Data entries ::

^^^^

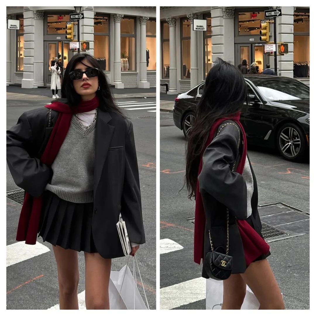例如像Instagram的时尚博主@narrinanatasha这样戴一条红色围巾,一下就让这套常规的灰色学院风西装变得活泼俏皮起来。过年想要穿出“喜庆灰”的姐妹可以借鉴一下这个思路。
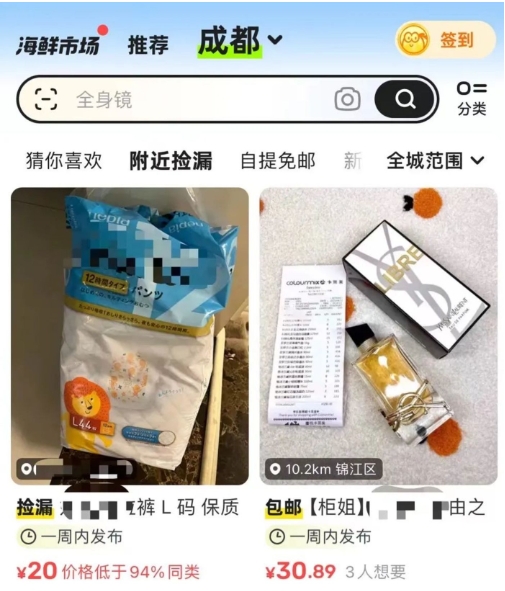 可見原本閑魚近場(chǎng)交易的屬性本就較強(qiáng)。據(jù)《新立場(chǎng)》觀察,閑魚 APP 不僅有本地推薦頁(yè)模塊,該模塊內(nèi)還有細(xì)分的“附近撿漏”、“自提免郵”等模塊,點(diǎn)擊進(jìn)入“附近撿漏”模塊,可以刷到附近 5 公里 10 公里等范圍內(nèi)的閑置商品,但其不會(huì)顯示具體社區(qū)名字的定位。
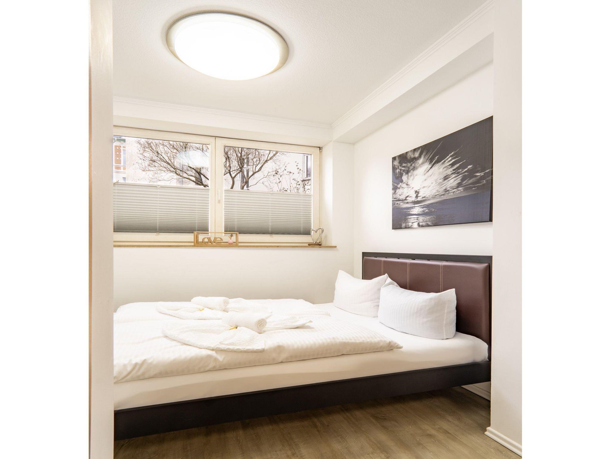 Auf 63 qm bietet Ihnen die Wohnung alles, was Sie zum Wohlfühlen brauchen: ein großes Wohnzimmer zum Entspannen, ein Schlafzimmer mit einem 180 cm breiten Doppelbett und eine sonnendurchflutete Veranda, auf der Ihre Kinder, Eltern oder Bekannte zwei weitere Schlafplätze auf einem 140 cm breiten Bett finden. Für die Nachtstunden ist die Veranda selbstverständlich verdunkelbar.
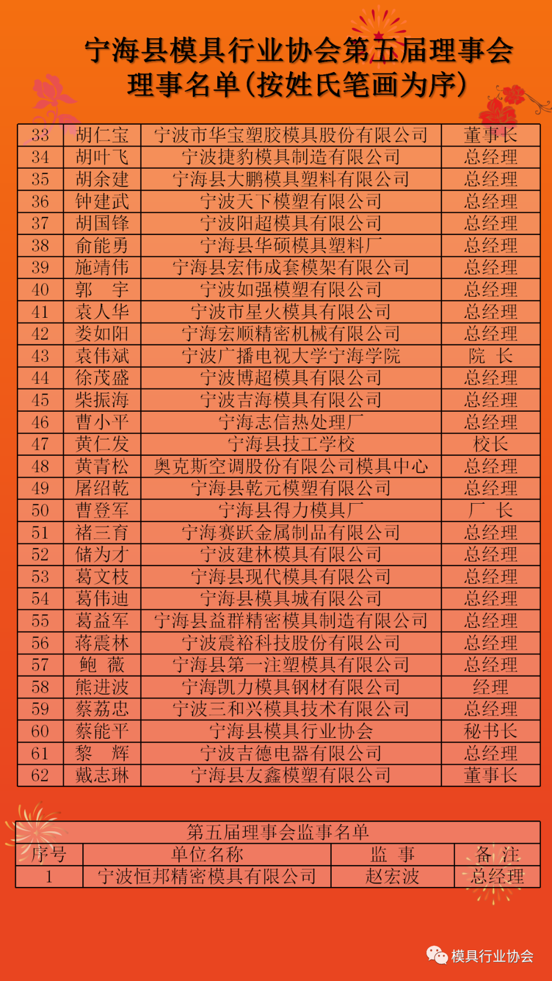 模具作为我县传统优势产业之一,去年实现工业总产值110亿元,占全县规上工业总产值的1/10,有力发挥了工业经济“放大器”作用。过去5年,在一批务实有为、充满干劲的企业家带领下,我县取得了“国家外贸转型升级宁海模具基地”、省内首个“出口模具质量安全示范区”等荣誉称号;方永杰、鲍薇、蒋震林三位企业家还获评匠心模具精英。模具协会总会员家数达到180家,成为全县工业行业协会之首,举办了187次周末晚间沙龙交流活动,1565人次参与了互动交流,起到了信息互通、互帮互助、抱团发展等作用。
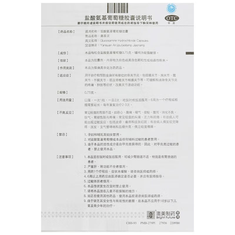 - 商品名称:奥泰灵 盐酸氨基葡萄糖胶囊
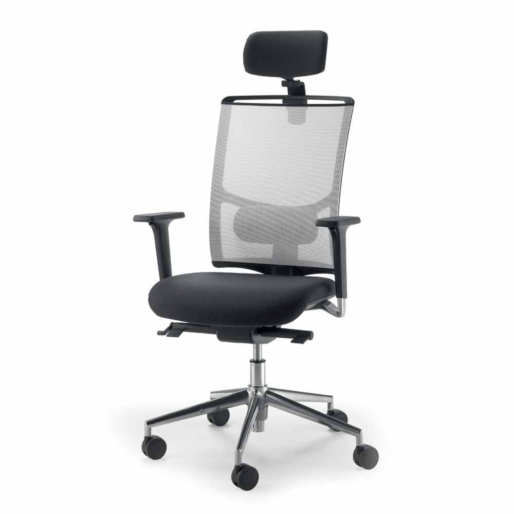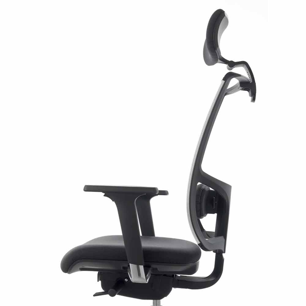 Dotata inoltre di un poggiatesta portante realizzato in nylon PA6 caricato al 15% con fibra vetro, colore nero, regolabile in altezza e profondità per ricercare la migliore posizione, completo di un' imbottitura in poliuretano espanso ricavato da stampo, ignifugo e rivestito.

^^^^

What to work on :: Retype the entries above exactly, starting at their first line and ending with the line that holds "公里 10 公里等范圍內(nèi)的閑置商品,但其不會(huì)顯示具體社區(qū)名字的定位。"; pictures stay out.

Answer to the exercise ::
例如像Instagram的时尚博主@narrinanatasha这样戴一条红色围巾,一下就让这套常规的灰色学院风西装变得活泼俏皮起来。过年想要穿出“喜庆灰”的姐妹可以借鉴一下这个思路。
 可見原本閑魚近場(chǎng)交易的屬性本就較強(qiáng)。據(jù)《新立場(chǎng)》觀察,閑魚 APP 不僅有本地推薦頁(yè)模塊,該模塊內(nèi)還有細(xì)分的“附近撿漏”、“自提免郵”等模塊,點(diǎn)擊進(jìn)入“附近撿漏”模塊,可以刷到附近 5 公里 10 公里等范圍內(nèi)的閑置商品,但其不會(huì)顯示具體社區(qū)名字的定位。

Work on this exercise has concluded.